Fig. 6: PCs exhibit representational flexibility across distinct environments. | Nature

Fig. 6: PCs exhibit representational flexibility across distinct environments.

From: A population code for spatial representation in the zebrafish telencephalon

Fig. 6

a, Schematic of the experiment combining landmark removal, wall morphing and fish removal. Following S1, the fish was removed and transferred to a chamber with a different geometry and no landmarks for S2 (Methods). bd, Analysis of experiment performed as in Fig. 4j–l, respectively. d, For all histograms, solid lines indicate mean distributions across all fish, shaded regions indicate s.d. across all fish and vertical dashed lines indicate medians of averaged distributions. Results of statistical tests for individual animals are summarized in Extended Data Fig. 6a. e, We quantify the degree to which neighbourhood relationships between telencephalic PCs are maintained across sessions (‘neighbour retention %’; Methods).

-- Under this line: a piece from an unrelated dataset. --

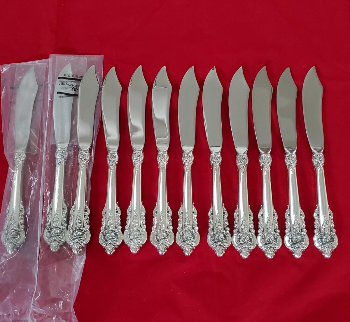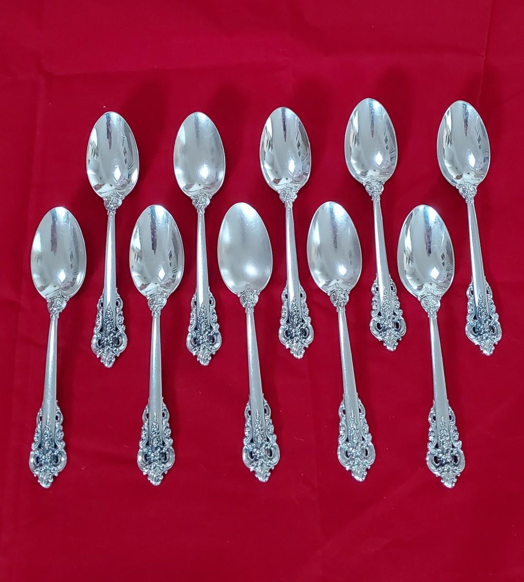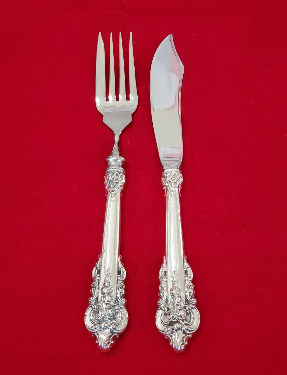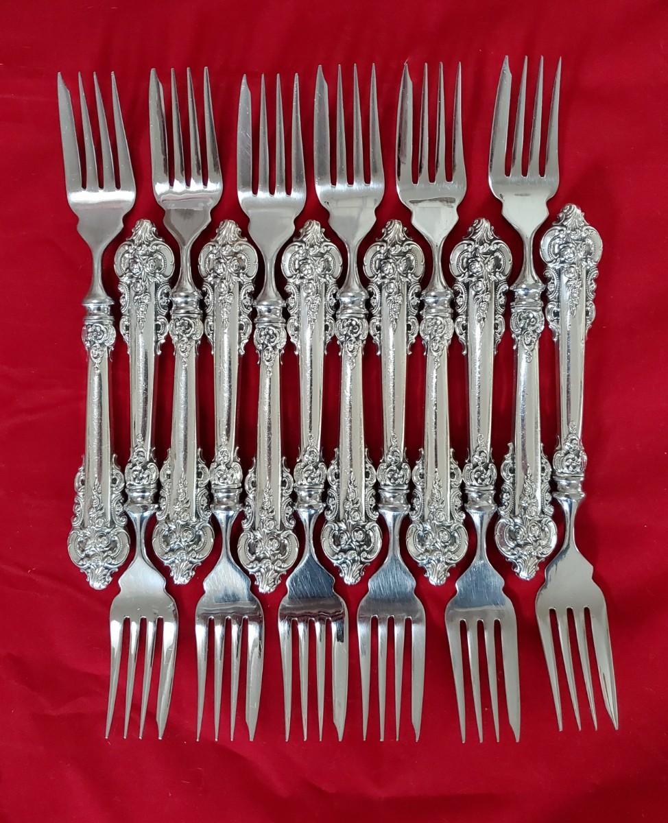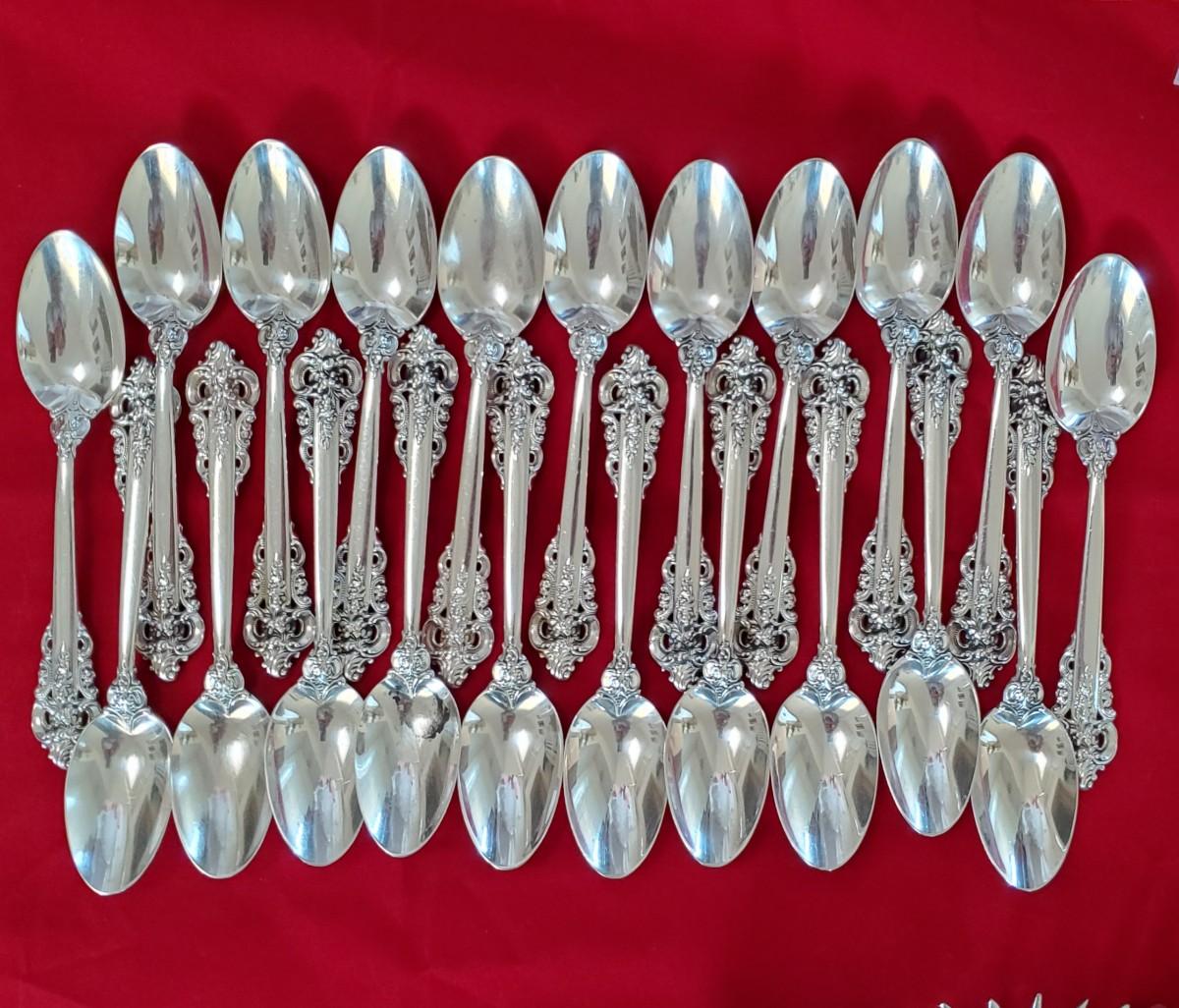 16 Round cream soup spoons; 10 Oval soup spoons; 21 Teaspoons; 12 Iced tea spoons; 11 Demitasse spoons; 12 Fish Knives (stainless blade); 12 Fish forks (stainless blade); 19 dinner Forks; 22 Dinner knives (stainless blade); 19 Salad forks; 12 Cocktail/seafood forks; 1 8 3/4" serving spoon, 2 - 8 3/4" Pierced serving spoons; 1 Sugar spoon; 1 Master butter knife; 1 - 8 1/4" Medium cold meat serving fork; 1 Large stainless tine cold meat serving fork; 1 - 11" pie and cake server (stainless blade); 1 - 5 7/8" Cream Ladle; 1 Large stainless bowl rice serving spoon; 1 Lasagna server (stainless blad)

For each PC, neighbours are defined as cells with the highest PF correlation to the cell of interest, with a systematically varied inclusion threshold from the top 2% to the top 100%. Neighbour retention % is defined as the number of PCs that remain neighbours in S2 divided by the number of original neighbours in S1. The average neighbour retention % across PCs between S1 and S2 (solid red line) is plotted against the control comparison between the early and late stages of S1 (solid black line), as well as against comparisons with shuffled data (solid grey line). We also subdivided neurons into two groups based on the distance of each place field to the edge of the chamber in S1 (dashed lines represent distance to edge 3 mm or less, 233 ± 135 cells, mean ± s.d.; dotted lines represent distance to edge greater than 3 mm, 352 ± 171 cells, mean ± s.d.). Scale bars, 10 mm.